44-yr-old prostate cancer patient seeking advice, thoughts, etc.
Hello all,
I’ve just been thrown into this scary world recently. I wanted to share my story and see what advice, wisdom, anecdotes, thoughts, etc. you all might have.
The Basics:
44 years old living in Salt Lake City.
Diagnosed with prostate cancer November 26, 2024.
Fairly large tumor (1.7 x 2.1 cm) in the anterior right transition zone.
Slight bulging of the prostate margin anteriorly, indicating extra capsular abutment or extension (my nomograms indicate a 66% chance of prostate-confined disease)
Gleason 7 (3+4) = Grade Group 2
Total percentage of pattern 4: 10%
PSMA PET Scan: no sign of metastatic spread and no sign of lymph node involvement.
PSA: 4.8
Free PSA: 0.3
PSA, Percent Free: 6%
Decipher score: 0.15 (low risk)
No other genetic abnormalities found (like BRCA1, BRCA2, or other predispositions to cancer
I’m currently scheduled for surgery on March 4. However, I’m still exploring all options and seeking multiple opinions.
Background:
I’m frustrated with the journey I’ve been on. In 2019, I had an acute prostate infection. I was treated with antibiotics and the infection cleared up. However, troubling urinary symptoms remained. These were primarily weak urine stream, urgency, and other minor symptoms similar to what someone with chronic pelvic plain syndrome would experience.
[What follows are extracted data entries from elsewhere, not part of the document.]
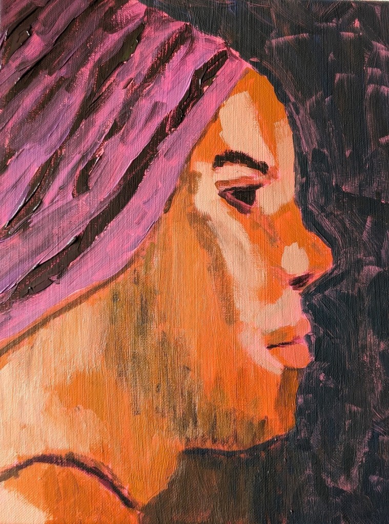 As with the work done in this earlier post, I did another follow-along/demo portrait from Hashim Akib’s book Painting Portraits in Acrylic. I bought some student-grade acrylics (Amsterdam brand) since this is merely practice. The background was toned in a Quinacridone Rose (PV 19) as directed, but I drew out the figure using willow charcoal. As for the skin colors, again I followed along mostly: the primary skin colors are burnt sienna, orange (PO 73) and yellow ochre (PY 42).
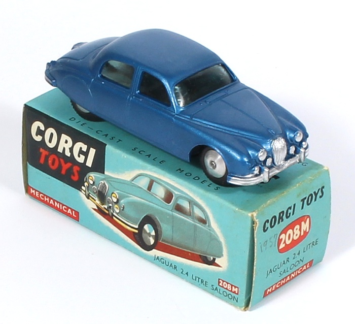 Corgi 208M Jaguar 2.4 Litre Saloon. Metallic blue. Near mint plus/boxed. From The 25 Year Collection.
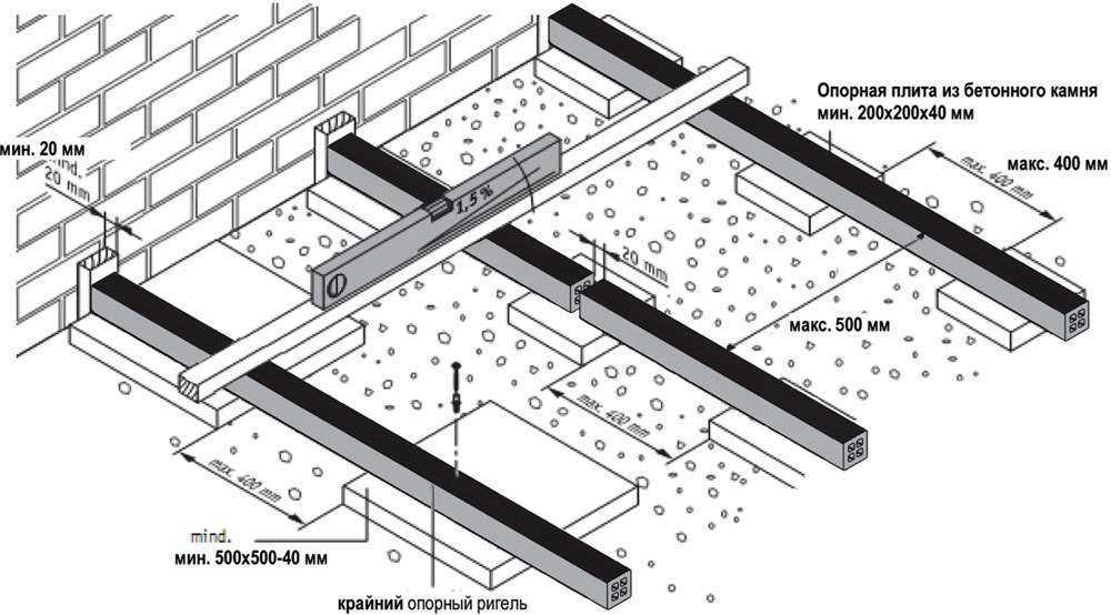 Укладка начинается с выполнения крепкой основы. С этой целью используется основание в виде цементной стяжки, покрытой слоем битумной гидроизоляции. Лаги могут быть выполнены как из древесины, так и из металла. Перед цементированием и установкой лаг в обязательном порядке осуществляется удаление всей сорной растительности и мусора, выравнивание площадки, а также обустройство системы водоотвода. Рекомендуется выполнение основы осуществляться с незначительным уклоном в направлении водоотвода.
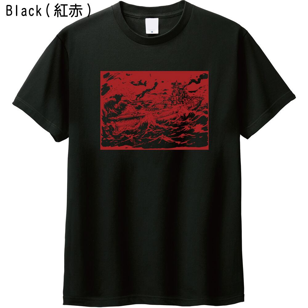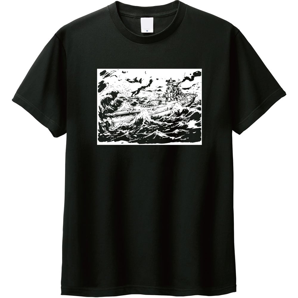 【全5色/劇画風/XXL】戦艦大和 プリントTシャツ 荒波 墨絵 イラスト ヴィンテージ風 ミリタリー Tシャツ 黒 ブラック
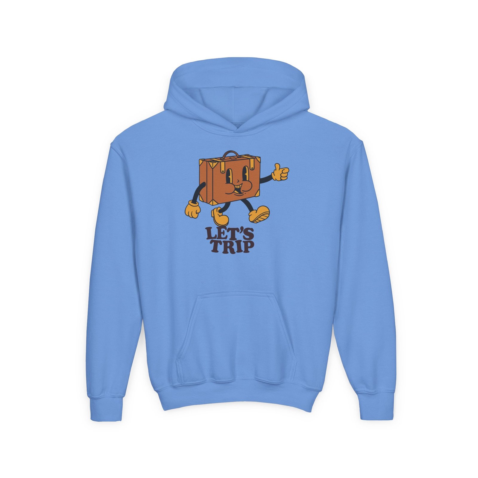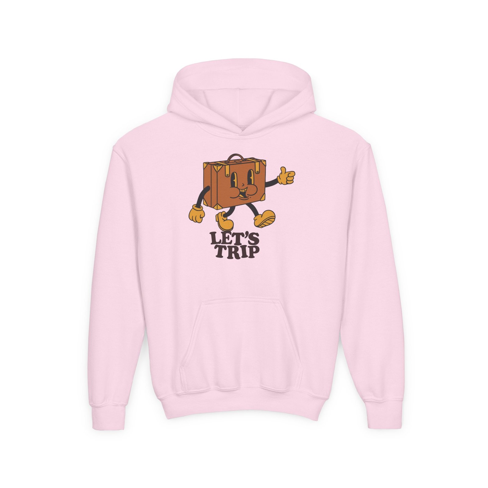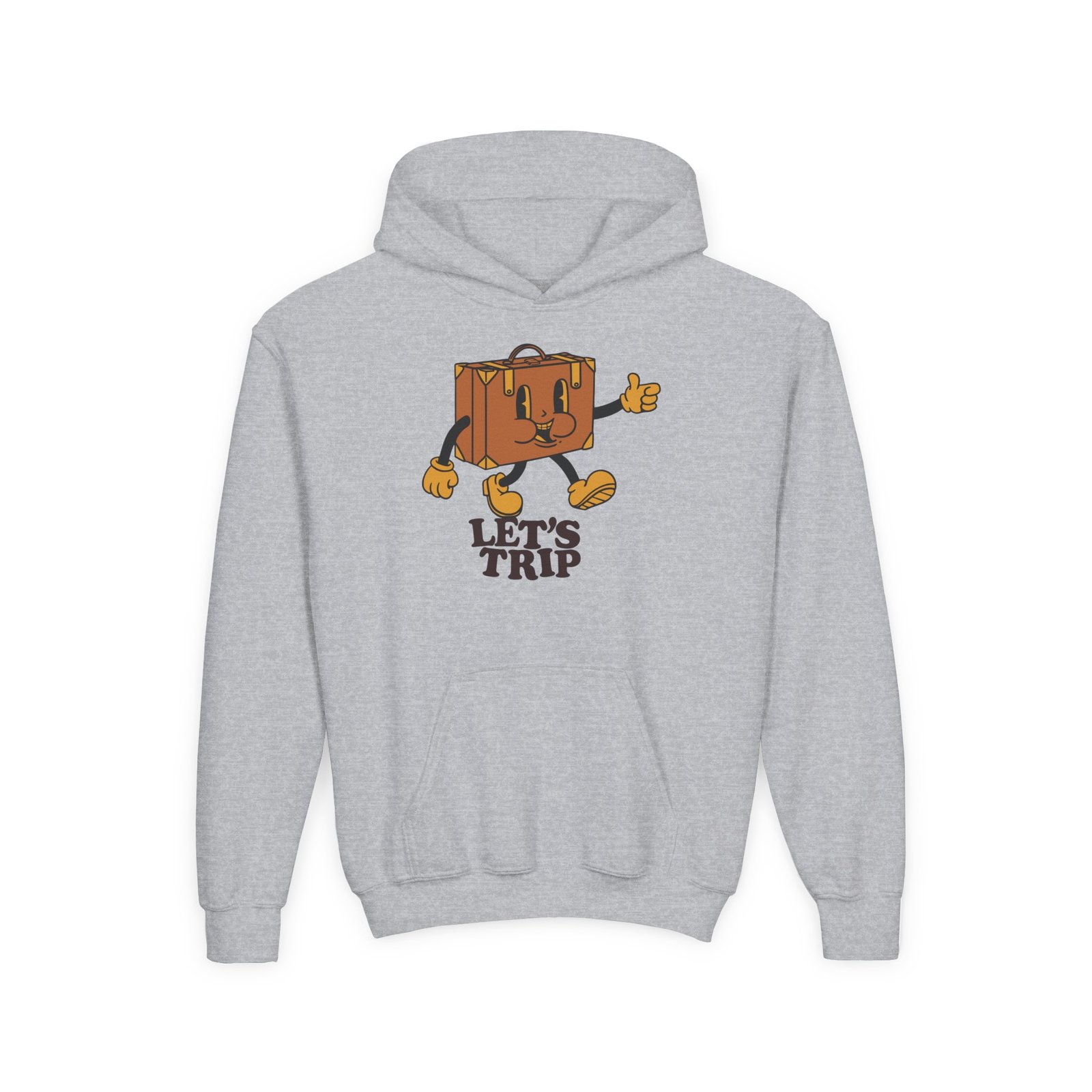 Soft, comfy, and a little bit mischievous — this youth Sturniolo Lets Trip hoodie brings bright, playful energy to everyday wear. A drippy gradient smiley sits on the chest in neon orange-to-pink, framed by bold lettering that gives the design attitude without shouting. The midweight fabric holds its shape and keeps kids cozy through playground runs, chilly school mornings, and weekend hangouts. Thoughtful details like a roomy kangaroo pocket and twill neck tape make it durable and comfortable, while print and embroidery options let you add a custom touch. It’s the kind of hoodie that becomes a go-to for active days and casual adventures.

My doctor referred me to a urologist. At first, he suspected the infection never went away completely. I did another round of antibiotics. My symptoms ebbed and flowed over two years. My urologist eventually began to suspect cancer because of my symptoms and my slightly elevated PSA level. I had a transperineal prostate biopsy in September 2021. EVERYTHING CAME BACK BENIGN. I was enormously relieved. Around the same time, I moved to Utah.
It took me a while to establish care with a new urologist. He believed I had lingering inflammation from prostatitis and that I should try pelvic floor physical therapy. I gave that a try, but life gets in the way and I just sort of put up with my main symptoms of weak urinary stream and urgency. I went back a year later and he had a completely different diagnosis. He said I had an enlarged prostate. My prostate is slightly enlarged for someone my age, but not overly large. It measures 35cc.
I wasn’t happy with his change in diagnoses, so I found another urologist at the University of Utah. He and and a colleague first wondered if I was having trouble with mast cells and auto immune issues. I seemed to fit the profile of a man with chronic non-bacterial prostatitis. We tried some medications and tests. Finally, in October of 2024, I got a mpMRI 3T. It showed a PI-RADS 5 lesion. A month later, I received an MRI-guided targeted biopsy. That’s when cancer was confirmed.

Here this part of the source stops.